For 3D arrays it works like this...

>>> b = np.arange(8).reshape(2,2,2)
>>> b
array([[[0, 1],
        [2, 3]],
       [[4, 5],
        [6, 7]]])
>>> b.mean()  # Compute mean of entire array
3.5
>>> b.mean(0) # Mean of each depth
array([[ 2.,  3.],
       [ 4.,  5.]])
>>> b.mean(1) # Mean of each column
array([[ 1.,  2.],
       [ 5.,  6.]])
>>> b.mean(2) # Mean of each row
array([[ 0.5,  2.5],
       [ 4.5,  6.5]])

Note: The call b.mean(xxx) is the same as b.mean(axis=xxx).

The 3D array above is indexed as [depth][row][col] as Python is row-major (i.e. fastest increasing index on the right).
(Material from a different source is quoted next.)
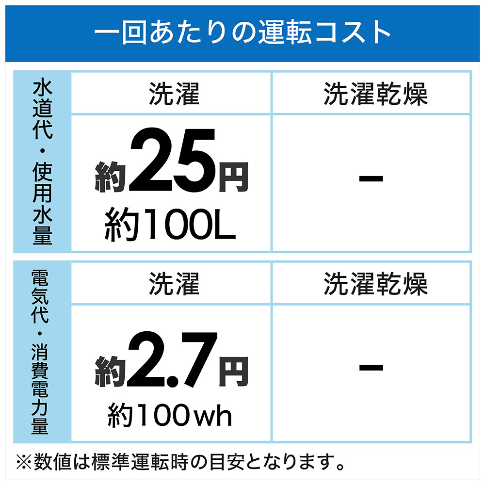 | 運転時間[洗濯時] | 最短14分、標準40分 |

I had expected that the axes would numbered from zero, zero being the fastest increasing index (i.e., col). The next fastest increasing index (i.e, row) is numbered 1 and so on. Therefore, in this case axis 0 would be column, axis 1 would be row and axis 2 would be depth.

This is not the case as we can see!! The actual numbering makes sense if we think of a 1D array as being only rows, so the row-axis would be labeled 0. Adding a dimension causes all other axis to have their label incremented by 1 and the new axis to be labeled zero. This is how the axis numbering really works and this is what is shown in the image above.

Thus, a 1D array has only rows so the row-axis is labeled 0. A 2D array has a new dimension, columns. So increment the row column label so that it is now labeled 1. The new dimension (axis), column, is now labeled 0. A 3D array adds yet another dimension, depth. So increment the labels of the existing axes so that row now becomes 2, column 1, and the new axis 0.